The 110th Street Elevated Curve of the Ninth Avenue Elevated c. 1905
We see here the dramatic 110th Street “suicide” curve of the El at Eighth Avenue (Central Park West) from around 1905. From this vantage point a great view of the city could be had for the price of the El’s fare – a nickel.
Above 53rd Street the Sixth and Ninth Avenue Elevated lines combined their tracks to run along Ninth Avenue. When the tracks reached 110th Street, they turned east on to Eighth Avenue continuing into Harlem.
The “S” shape curve was set at a dizzying 60 feet above street level to reach the plateau of Harlem Heights at an acceptable grade.

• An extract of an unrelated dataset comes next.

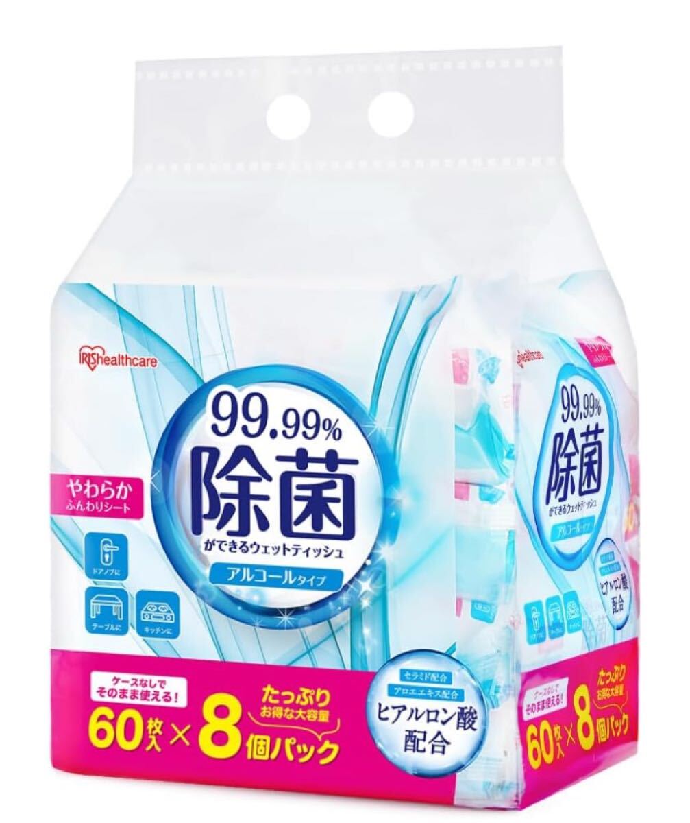 - アイリスオーヤマ(IRIS OHYAMA) 除菌ができるウェットティッシュ アルコールタイプ 480枚(60枚入×8) WTS-60A8P

At certain points of the curve it was estimated to be 100 feet above street level.
John W. Ambrose was in charge of the men building this section of the elevated in 1879.
Ambrose told a New York Herald reporter, “At 110th Street and Eighth Avenue we had to drill forty feet deep through the rock and each of the sixty piers on the 110th Street curve required not less than 55,000 bricks.”
The Ninth Avenue El service was discontinued June 11, 1940.
The Albert A. Volk Company won the contract to remove the Elevated from the Battery to the Polo Grounds (155th Street). The Volk Company was paid the astonishingly low price of $74,433 for what was expected to be a six month undertaking.
On October 7 demolition began. By November 8 two large cranes and 100 men reached the famous elevated curve and began taking apart the structure. On January 22, 1941 the final posts of the El at Greenwich and Cortlandt Streets came down.
The Ninth Avenue Elevated was gone forever.